Khatam al-Anbia Air Defense University AJA
- Seal of the University
- Type: Military Academy
- Established: 2013
- Affiliations: Islamic Republic of Iran Air Defense Force
- Commandant: 2nd Brigadier General Bijan Saedi
- Location: Tehran, Iran
- Campus: Urban;

= Khatam al-Anbia Air Defense Academy =

Iranian military academy

Khatam al-Anbia Air Defense University AJA (دانشگاه پدافند هوایی خاتم‌الانبیاء آجا) is a military academy located in Tehran, affiliated with Iran's Air Defense Force.
This University was established after separation of Air Defense Base from Islamic Republic of Iran Air Force in 2009. The main purpose of establishing this university is training educated officers in the various fields of Air Defense and providing specialized services to the Air Defense Force and other Armed Forces.

==Fields and Faculties==
Air Defense University has three faculty and educate cadet officers in these special fields.
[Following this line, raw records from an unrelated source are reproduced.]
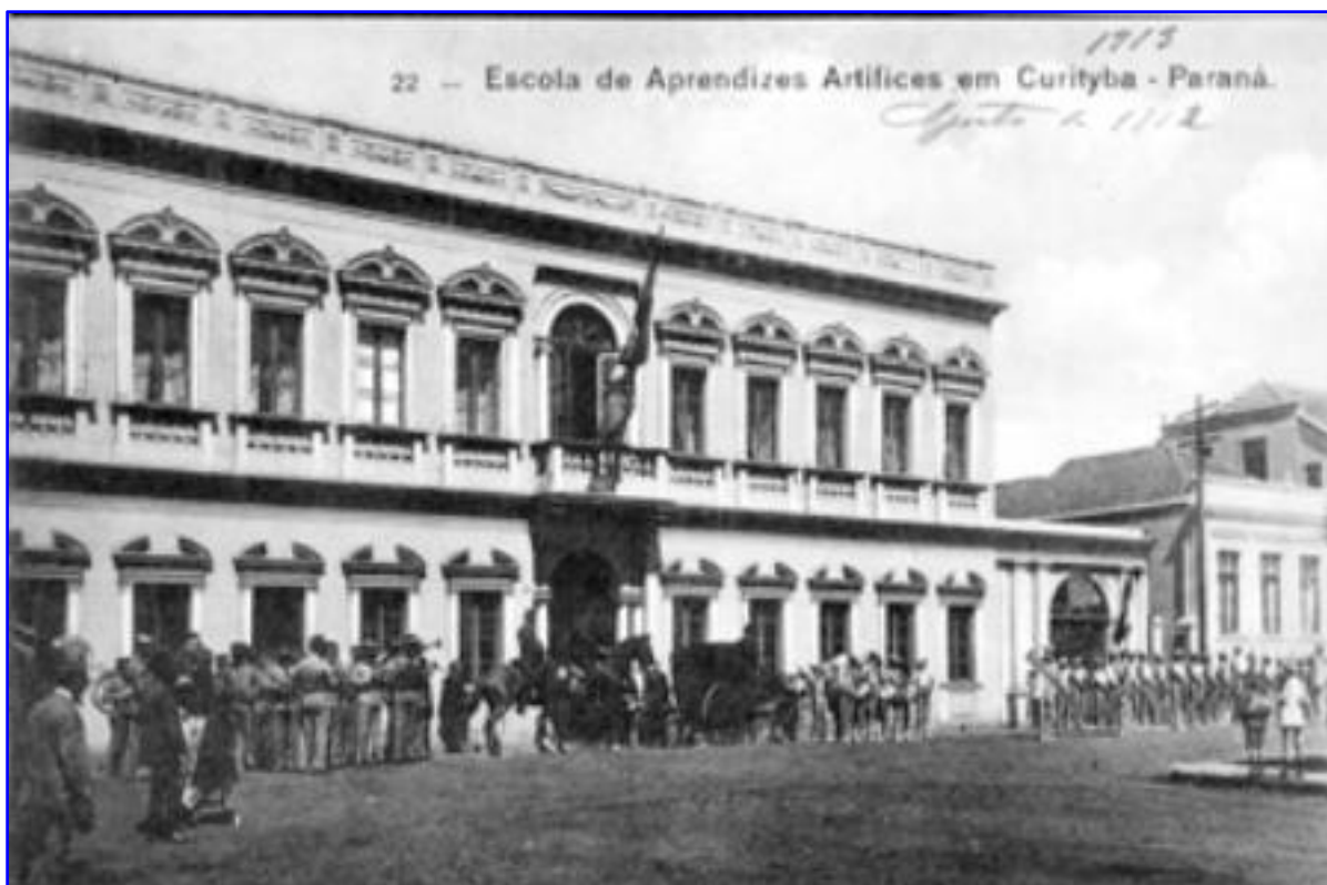
Figura 1 – Escola de Aprendizes Artífices em Curitiba, 1912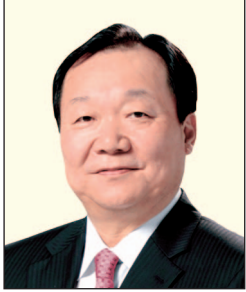
岳毅先生 中國銀行(香港)有限公司 副董事長兼總裁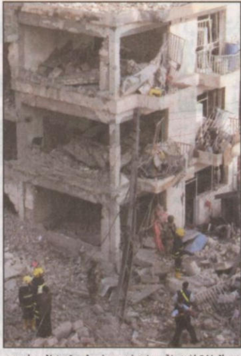
عمال انقاذ عراقيون عند مبنى لحق به الدمار بعد انفجارين انتحاريين في بغداد.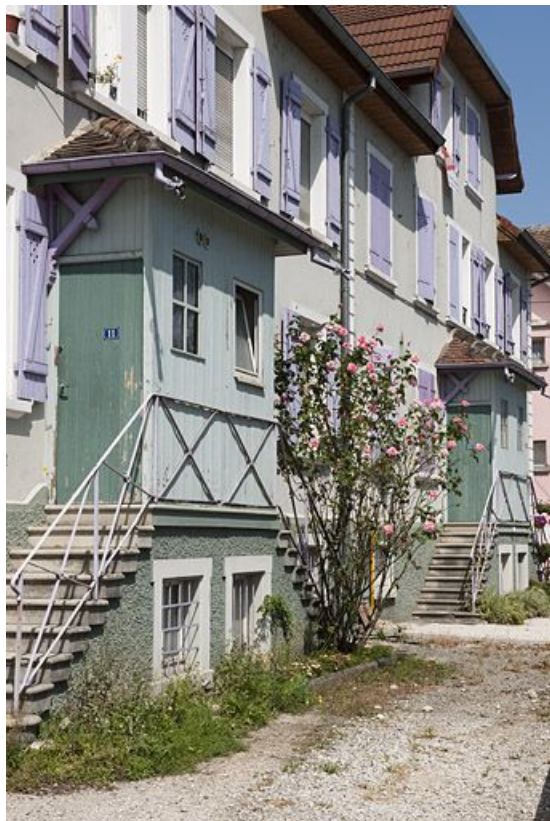
Détail de la façade antérieure de l'immeuble sud.

25, Audincourt, 3 à 41 avenue de la Gare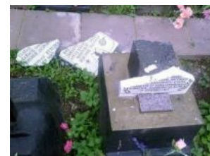
Осколки былинной казачьей славы

Доставляет, что при всём негативе по отношению к СС в этой стране, репутацию казачков-эсэсовцев периодически таки пытаются отмыть. В 1997 году дело дошло аж до Верховного суда, однако ж, не получилось, не фартануло — казачьих лидеры на немецкой службе были признаны «обоснованно осуждёнными и не подлежащими реабилитации». Тем не менее, ещё в 1992 в их честь в самом ДС (sic!) был установлен мемориал, простоявший целых 15 лет, покуда не был выпилен неизвестным гражданином с активной гражданской позицией .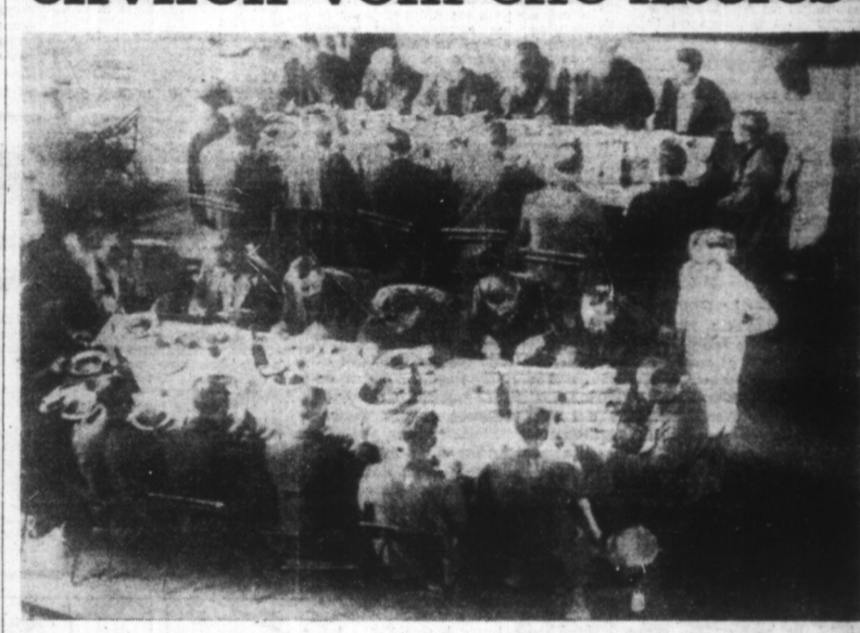
A leur arrivée à CHALONS-SUR-MARNE, les prisonniers libérés prennent un repas avant de poursuivre leur voyage de retour au foyer.

Paris 4. — M. Scapini a obtenu, environ 100.000 hommes, dans les territoires occupés, compte tenu des anciens combattants de 1914-18, dont le rattachement des leurs était décidé.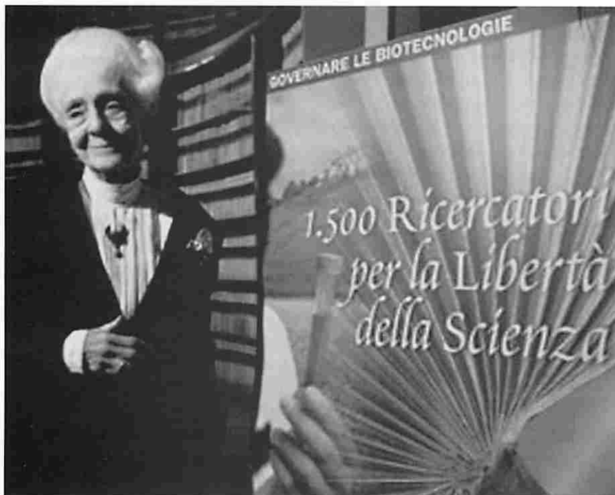
Rita Levi Montalcini activa reivindicadora del papel social de la ciencia.

El reconocimiento de la figura de Rita Levi Montalcini por parte de la comunidad científica es notorio. Así lo demuestran los numerosos premios, doctorados honoris causae y condecoraciones que posee, entre ellas el Premio Rosenstiel de la Universidad Braudein (1982) el Premio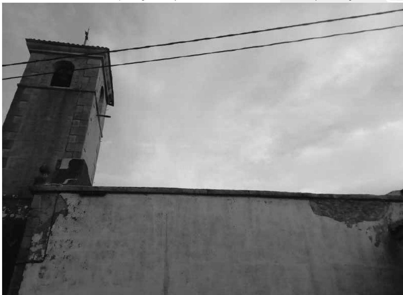
IGLESIA SANTA MARÍA DE LORIANA SIN EL TEJADO. LAMENTABLE QUE ESTO OCURRA EN PLENO CAMINO PRIMITIVO

Finalizo este aserto con una referencia de aplicación en el caso que nos concierne, la parábola del sembrador que Mateo, Marcos y Lucas han recogido en sus evangelios: “He aquí, el sembrador salió a sembrar. Y mientras sembraba, parte de la semilla cayó junto al camino; y vinieron las aves y la comieron. Parte cayó en pedregales, donde no había mucha tierra; y brotó pronto, porque no tenía profundidad de tierra; pero salido el sol, se quemó; y porque no tenía raíz, se secó. Y parte cayó entre espinos; y los espinos crecieron, y la ahogaron. Pero parte cayó en buena tierra, y dio fruto, cuál a ciento, cuál a sesenta, y cuál a treinta por uno. El que tiene oídos para oír, oiga” .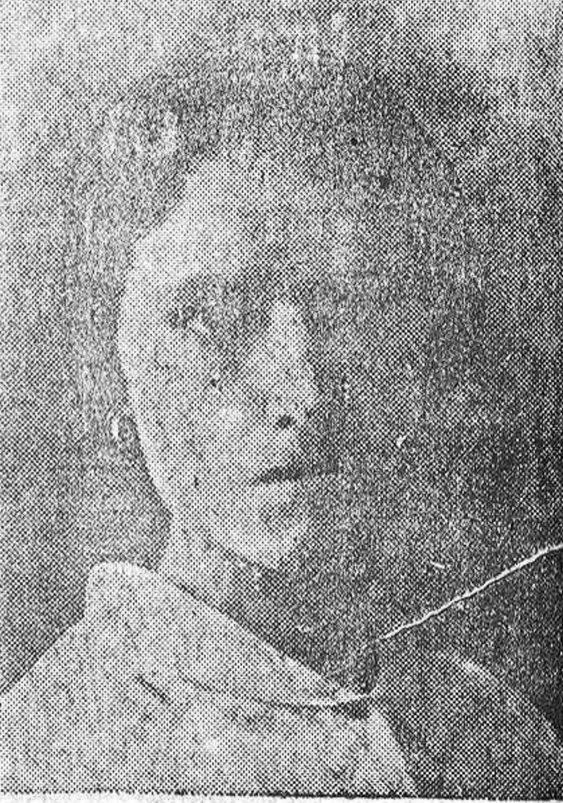
STA. MARIA CANTON

El alimento desde luego indispensable para el anémico, el pan del anémico, será un medicamento que, como las Píldoras Pink, tenga el poder de dar sangre á qui-n carece de ella. Cuando el enfermo tenga sangre, lo demás se hará por sí sólo. Bien sabéis, en efecto, que de la sangre que corre por las venas saca el organismo su vitalidad toda. Al suministrar sus elementos á la sangre, la alimentación mantiene esta vitalidad, intransmisible, por consiguiente, si no hay sangre. Todos los enfermos que han tomado las Píldoras Pink han experimentado esto que decimos. Al cabo de unos cuantos días, sin haber tenido que hacer otra cosa sino tomar dos ó tres píldoras por día, experimentan una sensación de calor y de bienestar muy grata, al mismo tiempo que se les abre el apetito. Desde ese momento empieza á mejorar grandemente el estado del anémico.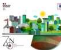
TERRITOIRES ZÉRO ARTIFICIALISATION NETTE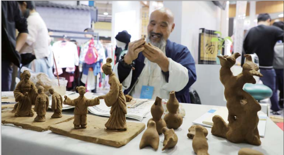
传统手艺人现场展示泥塑作品。

中秋节期间，卖出了上万套。展区另一侧，同样主打“萌”系的诗礼夫子也再次高调亮相。走进济宁展区的几位文广新系统的负责人点评说，诗礼夫子具有“网红气质”，应该努力打造成为俄罗斯套娃那样的国家礼品。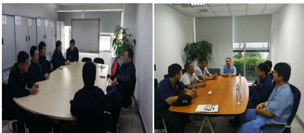
老师在企业进行实地调查

当前我国装备制造业普遍面临着“用工荒”的困境，通过对福建奔驰汽车有限公司，珠海格力电器股份有限公司等五家大中型企业学生顶岗实习及就业情况的了解，企业普遍反映中职院校毕业生稳定率比较低，经常出现随时离职的情况，守规矩、讲纪律、吃苦耐劳等方面还需要加强教育，最基本的职业素养需进一步提高。这些状况不仅制约了企业的人才储备和可持续发展，也不利于学生的职业发展。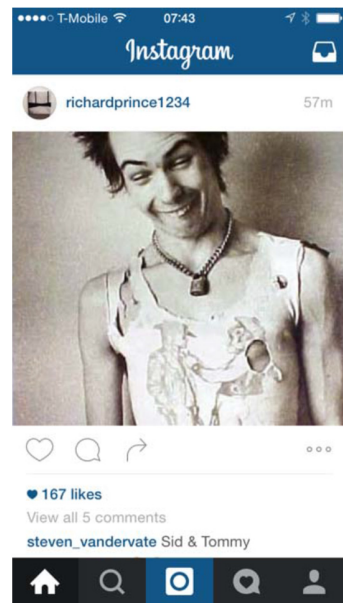
Abb. 6.2.: Richard Prince, Post auf seiner Instagram Seite, 2014.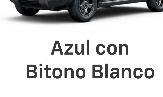
Azul con Bitono Blanco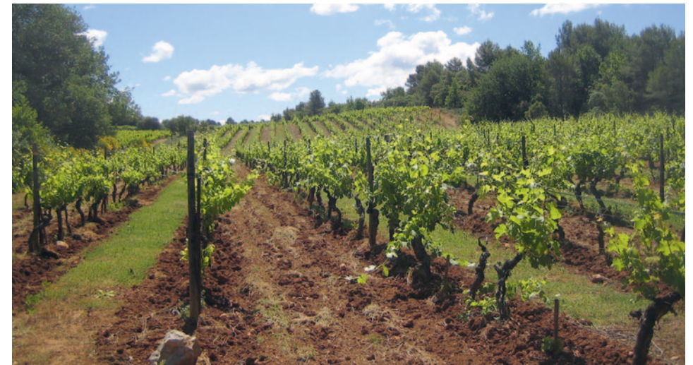
Reberg - Château Revelette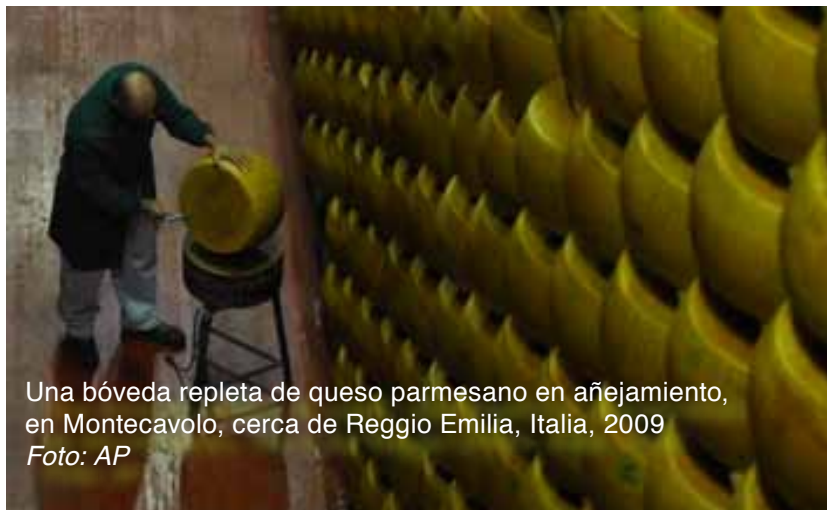
Una bóveda repleta de queso parmesano en añejamiento, en Montecavolo, cerca de Reggio Emilia, Italia, 2009

B ajo el sistema de indicadores geográficos de la Unión Europea (IG), el queso vendido como Parmigiano-Reggiano sólo puede producirse en Parma, Reggio Emilia, Modena, Bologna o Mantua. Sin embargo, en 2008, la Unión Europea dictaminó que lo mismo se aplicaba a todo el queso producido con el nombre de “parmesano”, un término genérico utilizado ampliamente en quesos que se producen por todo el mundo. La UE emitió una reglamentación semejante para el Feta, alegando que sólo podía producirse dentro de Grecia, pese a que el nombre “Feta” se ha vuelto genérico y común en muchos países no pertenecientes a la UE donde se producen quesos que también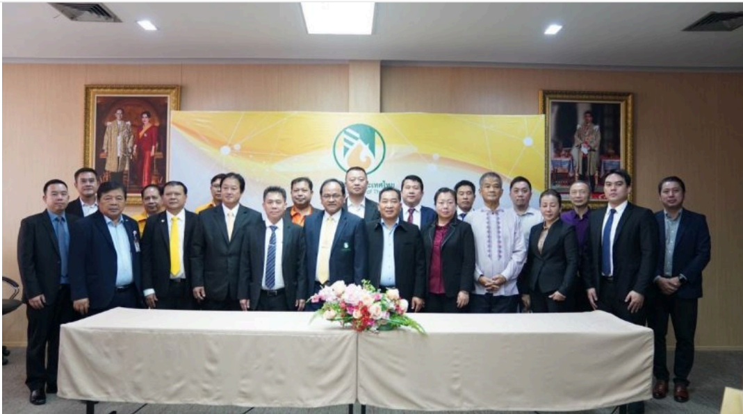
ข่าวการเกษตร

|  | Faculty | Field of Study |
| 1 | Control and Command Engineering Faculty | Aerial Control and Command - Missile Operations |
| 2 | Aerial Control and Command - Fighter Control |
| 3 | Aerial Control and Command - Intelligence Operations |
| 4 | Electrical Engineering Faculty | Electrical Engineering - Electronics |
| 5 | Electrical Engineering - Telecommunications |
| 6 | Electrical Engineering - Cyber Warfare |
| 7 | Mechanical Engineering Faculty | Maintenance Engineering of Air Defense Systems Equipment |

===Required Fields===
Required fields for studying in Air Defense University includes:

|  | Field of Study | Education Place |
| 1 | Software Engineering | Shahid Sattari Aeronautical University |
| 2 | Management - Logistic |
| 3 | Management - Cargo | Imam Ali Officers' Academy |
| 4 | Management - Military Police |
| 5 | Management - Financial Affairs |
| 6 | Management - Administrative Affairs |
| 7 | Management - Infantry |

==Commandment==
The first commander of Air Defense University was Colonel Moharram Qolizadeh, who died on 10 November 2011 of a heart attack. He was Deputy of Cyber Warfare of Air Defense Force. After him, Colonel Abbas Farajpour Alamdari was appointed for Air Defense University administrator.